- Exercise
Take the material below and reproduce, word for word, only the lines from the line with "Application used to" through the line with "Сообщений о пострадавших".
───── Task material
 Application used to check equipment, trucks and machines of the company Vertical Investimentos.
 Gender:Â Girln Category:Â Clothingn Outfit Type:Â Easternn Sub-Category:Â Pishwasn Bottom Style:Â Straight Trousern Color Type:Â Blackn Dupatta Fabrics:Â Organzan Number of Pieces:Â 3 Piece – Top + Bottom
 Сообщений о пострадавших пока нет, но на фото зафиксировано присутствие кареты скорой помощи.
──────────
───── Task material
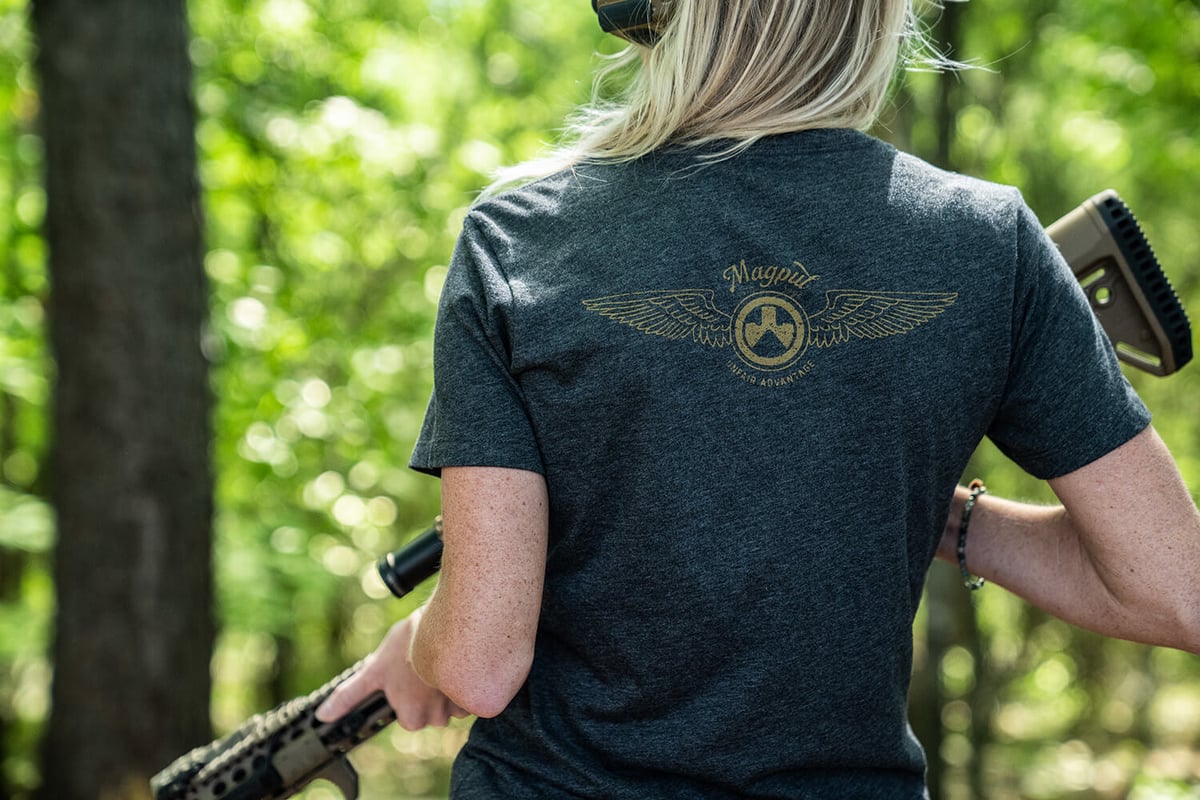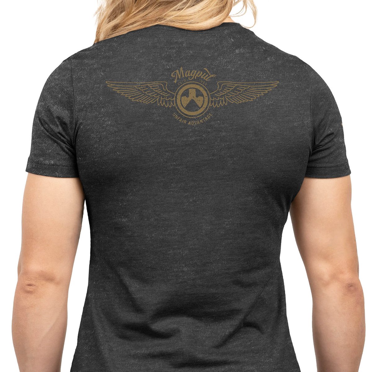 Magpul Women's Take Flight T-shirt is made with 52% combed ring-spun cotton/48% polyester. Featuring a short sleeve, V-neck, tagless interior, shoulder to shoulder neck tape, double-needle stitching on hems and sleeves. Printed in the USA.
──────────
───── Task material
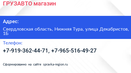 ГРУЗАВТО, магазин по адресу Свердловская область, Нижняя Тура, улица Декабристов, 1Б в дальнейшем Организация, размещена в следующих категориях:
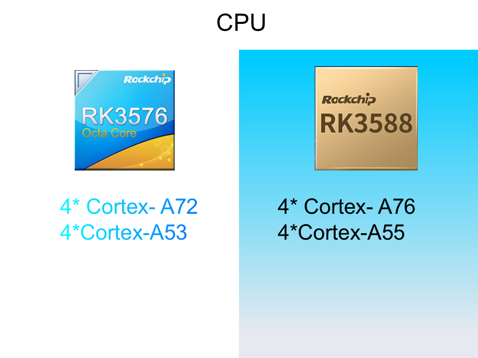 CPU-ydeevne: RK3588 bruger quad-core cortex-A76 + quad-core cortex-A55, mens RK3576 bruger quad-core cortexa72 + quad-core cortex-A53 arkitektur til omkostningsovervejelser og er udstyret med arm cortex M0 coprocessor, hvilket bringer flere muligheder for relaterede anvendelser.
──────────
- Written reply
 Application used to check equipment, trucks and machines of the company Vertical Investimentos.
 Gender:Â Girln Category:Â Clothingn Outfit Type:Â Easternn Sub-Category:Â Pishwasn Bottom Style:Â Straight Trousern Color Type:Â Blackn Dupatta Fabrics:Â Organzan Number of Pieces:Â 3 Piece – Top + Bottom
 Сообщений о пострадавших пока нет, но на фото зафиксировано присутствие кареты скорой помощи.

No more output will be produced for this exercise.